Over the next few months, as we take inventory, clean house, and delve into our storage, we will be uploading thousands of additional items, gradually, on a near-daily basis. This will include the majority of the LPs, as well as many titles, in all formats, once thought long-gone. Many currently “sold out” items are likely to resurface.

Finally, once our general backstock is up (probably in the next two or three months) we’ll begin making our extensive stockpile of rarities available online for the first time: tons of random out-of-print titles, "deadstock," warehouse finds, secondhand collectibles, etc., accumulated over the past few decades.

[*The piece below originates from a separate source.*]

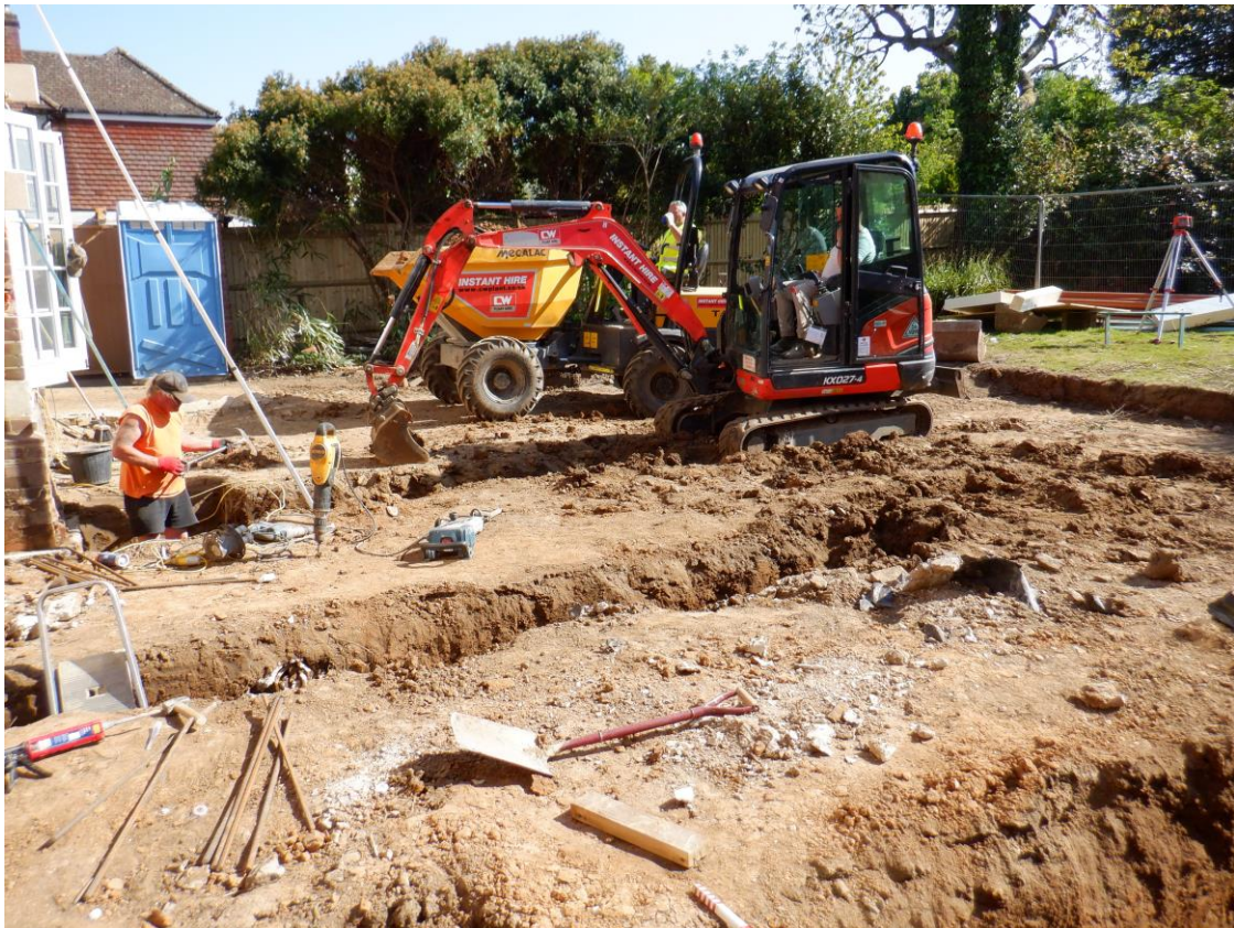
Plate 3. View of foundation trenches (Watching Brief)

Frequent/returning customers will be getting early access to these items. Details to follow on how this will work (a priority mailing list? a 'frequent flyer'-like program?), but it will not be based on dollars spent. We want to reward those who consistently support us, especially in the discogs marketplace era (to those who show up trying to poach five copies of a one-off rarity, and nothing else, ever… ¯\_(ツ)_/¯ ).

So—we suggest you take some time to dig through the site—even we’ve been surprised by what’s been turning up, and there’s much more to come.